4 Benefits to Finding an Oasis
So at instant of drafting this post into my notebook, I am sitting in a bagel restaurant in Prague in the Czech Republic. It is an American Style place; cubed ice, unlimited refills on drinks, pop music playing over the speakers, not to mention a bunch of English language conversations in the air. “Wait,” you might thing, “why go all that way across the world to do something you could get at home?” This to me is an ideal example of how I travel and what I do to keep happy while traveling.
Oasis in the Storm
Travel is stressful. This is not the type of inward stress of life and unwanted responsibilities pushing in. That is what most people think of when they hear the word stress. “My day was stressful.” “I am so stressed, I can’t think.” “Stop stressing me out.” Travel is a type of stress attached to growth and learning. It has an end to attach to the means and a reward to show for the effort. This is a good type of stress and one that exhilarates rather than depletes the spirit. The better I am able to manage this stress, understand it and not let it bother me, the happier I am traveling and less likely to burnout. Oasis’s help me do that in several ways.
- A place to recover your energy
Stress takes energy and this energy needs to be replaced. I like the type of travel stress because I feel like the energy comes back faster than for say work stress, but I have found that I need a place and a time to just relax, even while traveling. - A chance to collect your thoughts
Sights and sounds can easily overwhelm. The more exotic often the more overwhelming they can be. It is easy to get so caught up in seeing new things and being new places that you won’t be able to remember it all. An oasis lets you disconnect from those sensations, if only briefly, and organize your thoughts. If you journal to keep everything straight in your head, this is what I’m talking about. This is also an opportunity to plan out your travels if you are so inclined. Some days I am a bigger planner, some days not. - A place to connect with others
The first two benefits are for me about being alone, if only in my own head. This one is about being around others. A good Oasis lets you meet other travelers and also lets you interact with locals. If experiences are the main goal of travel (and that is definitely true for me), then being around others definitely provides a good source of experiences. I like talking to other travelers: to get their stories on what to do or where to avoid, to tell me own stories, to feel the camaraderie of the journey.Contact with locals is also a big component. They have tons of practical knowledge (like the color of the local post boxes or good places to go or language knowledge). One of my other main goals in travel is to meet people from all over the world and see how they live. - A place to connect with home
I know some people that travel as a lifestyle, but most of us have a home. A place that go back to often and have a deeper connection there: be that friends, family, a house or a job. We all have people that aren’t traveling with us, but are still part of our life. It is important while away to still maintain these relationships. Whether that is a dark corner of a tourist office with an hour of Internet time to E-Mail or Facebook; or it is writing post cards to friends and family. Most of the world at any one point is not traveling, I like to have the time and opportunity to keep in touch with those not with me.

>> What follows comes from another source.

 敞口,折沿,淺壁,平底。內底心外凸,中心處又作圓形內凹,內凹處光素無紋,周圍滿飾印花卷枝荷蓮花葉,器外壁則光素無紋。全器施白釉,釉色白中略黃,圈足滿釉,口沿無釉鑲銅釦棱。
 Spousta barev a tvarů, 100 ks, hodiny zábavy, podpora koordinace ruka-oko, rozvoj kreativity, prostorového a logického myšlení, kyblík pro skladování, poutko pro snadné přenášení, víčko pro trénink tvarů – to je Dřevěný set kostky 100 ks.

So the concept of an oasis is a place that provides a chance to recover your physical energy, realign mentally, be social with new friends and stay in touch with old friends. Relationships are very important to me. The new friendships that I make traveling are important. It is one of my goals in travel to meet people, but the established relationships at home are essential to me as well. I also value the relationship with myself; keeping my body fed and rested as well as my mind clear; understanding what I want out of a trip and enjoying being there. An oasis provides a good basis to travel from. They help support the traveler physically, mentally and socially.
Finding the Oasis’s
Often I can’t find one place that provides me all these things. Sometimes I crave the change and don’t even want to merge them all together. I do however see these needs and seek out places when I need them. Even on a very long train ride, I will sometimes sit in the bar car talking to the bartender from Minsk. Hostel bars, local pubs, even like my week in Prague at the Bagel place, many places can be your Oasis. I have a favorite gelateria in Bologna next to a park. They don’t even need to be physical places, meditating in a patch of sunlight sometimes is even more effective in restoring energy than sitting in a busy cafe.

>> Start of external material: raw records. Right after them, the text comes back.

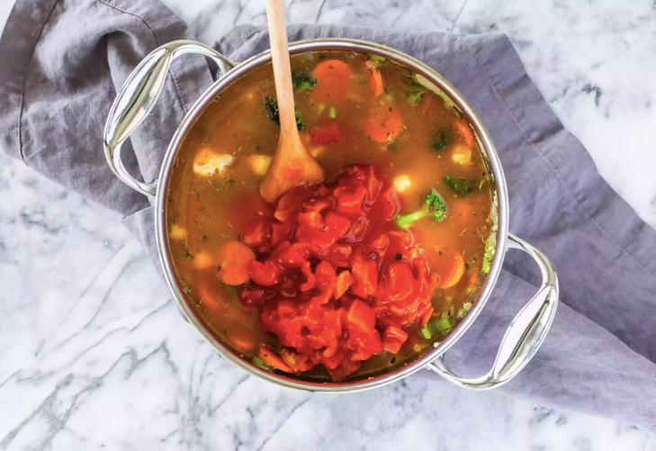 - Добавить лавровый лист, овощной бульон и нарезанными помидорами. Довести до кипения, перемешать, уменьшить огонь и варить, пока овощи не станут мягкими - около 8-12 минут.
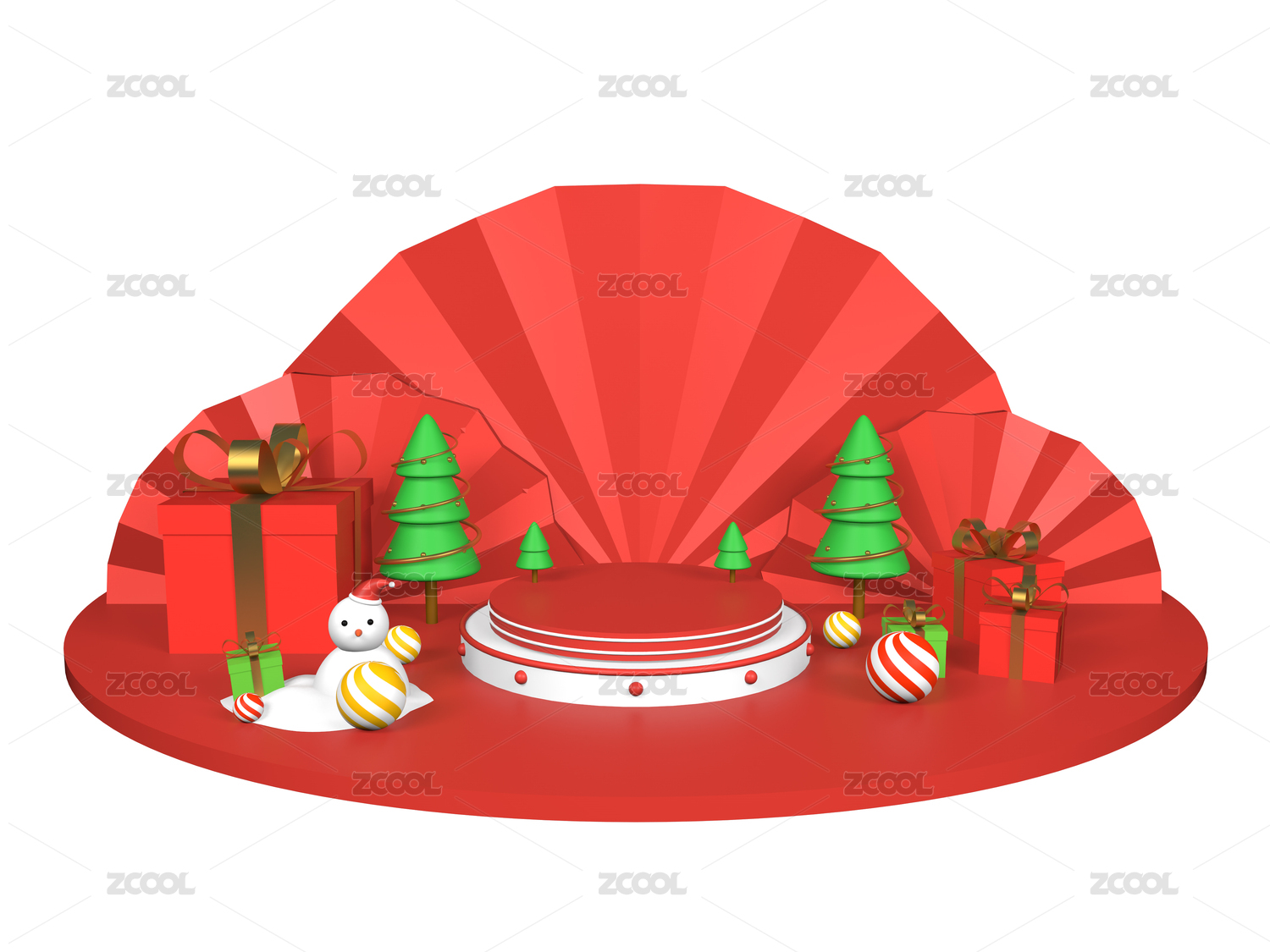 圣诞节圣诞树礼物盒电商场景主题舞台立体元素
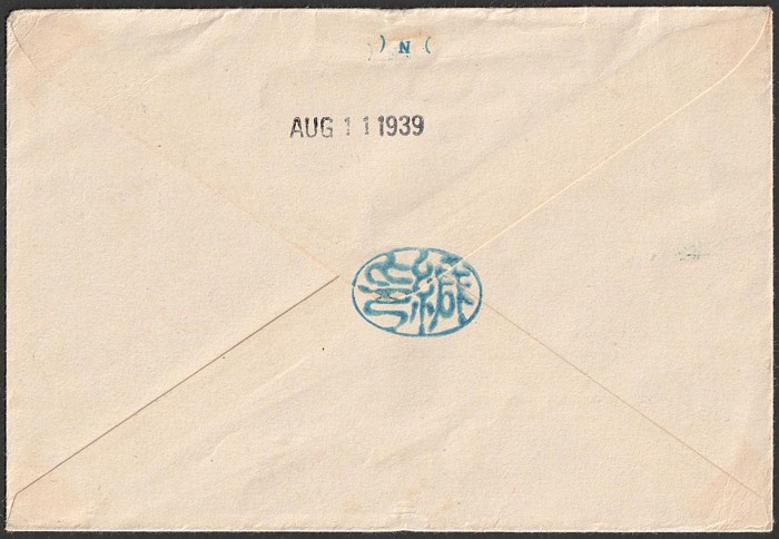 1480 image1956 Wreck Mail usage of Airmail cover Sydney to Samoa, stamps washed off from immersion in water, S/C cachet in violet 'SOILED MAIL EX VASU' applied on arrival in Apia. Brian Peace states on pg 322 '29 pieces of mail were recovered'. (Image1) (Image2)
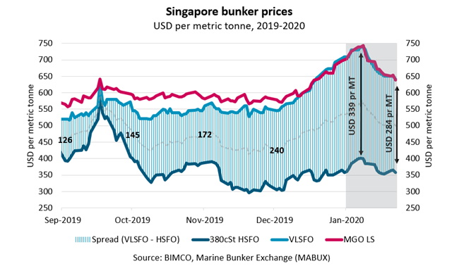 Prices rose in December as shipowners transitioned to the IMO2020 compliant low-sulphur fuel oil causing the VLSFO and High-sulphur fuel oil (HSFO) spread to reach record breaking levels. This trend has started to reserve, with the VLSFO-HSFO spread narrowing in Singapore by USD 55 per MT to 284 per MT on 22 January from USD 339 on 7 January, a 19% decline.

Find what exactly you need to keep balanced and look for it. Just because you are away from home, doesn’t mean you need to feel far away.

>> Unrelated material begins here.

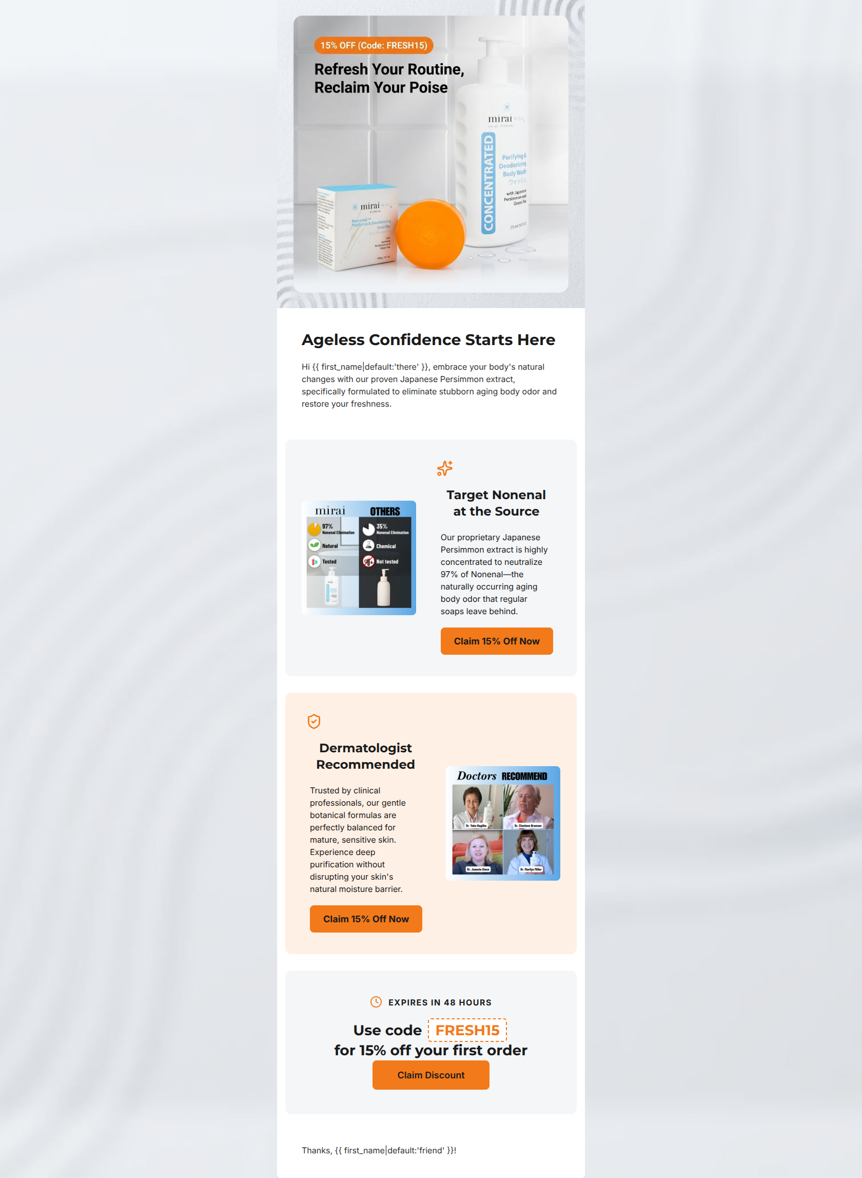 74/100This email features strong, empathetic copywriting that aligns perfectly with the brand's 'trusted confidante' persona and mature demographic. The core value proposition—eliminating Nonenal—is communicated clearly and backed by scientific and authoritative framing. However, the email suffers from a significant conversion flaw: the complete absence of a Call-to-Action (CTA) button in the top/hero section. The reader is forced to scroll past an image, a headline, and a paragraph of text before encountering the first clickable button. Additionally, repetitive CTA copy and a poorly scaled comparison graphic hinder an otherwise competent layout.
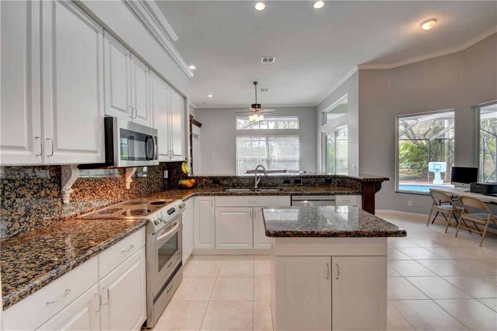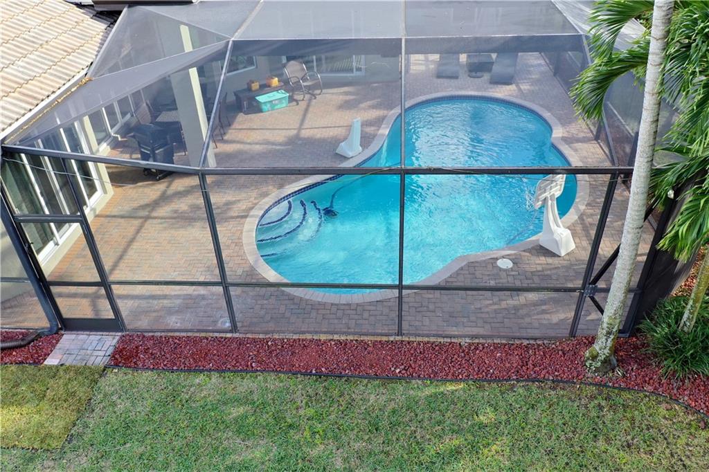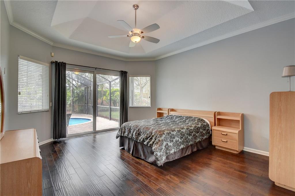 5 Bedroom, 3 Bath, 3 car garage on amazing cul-de-sac lot! Seller relocating after purchasing less than one year ago and making $70,000 in improvements including new Impact Windows, new Water Heater, Pool resurfaced & converted to salt water system & new pump motor, freshly painted interior, new wall unit, new wood blinds, new appliances, converted all light receptacles to LEDs and added new landscaping with fruit trees. Other features include open kitchen & family room, remodeled bathrooms, newer wood flooring in all bedrooms, Hurricane proof garage door, heated pool, guard gated community near A-rated schools.

I believe every traveler needs an oasis. I am very fond of oasis’s and in every new place that I go, I try to find a place that will be my oasis no matter how long I will be there. Bohemian Bagel is for this week in Prague one of my oasis’s. The more familiar and home-like I can make that oasis the better off I am at traveling and happier I am being in a place. I often have several oasis’s in a single town that each provide different things. There is nothing that kills travel more dead in my experience than missing out on these things. Feeling tired, confused, disconnected, homesick or just plain old burnout will ruin a pleasant trip. Oasis’s provide me a way to avoid these and enjoy the travel.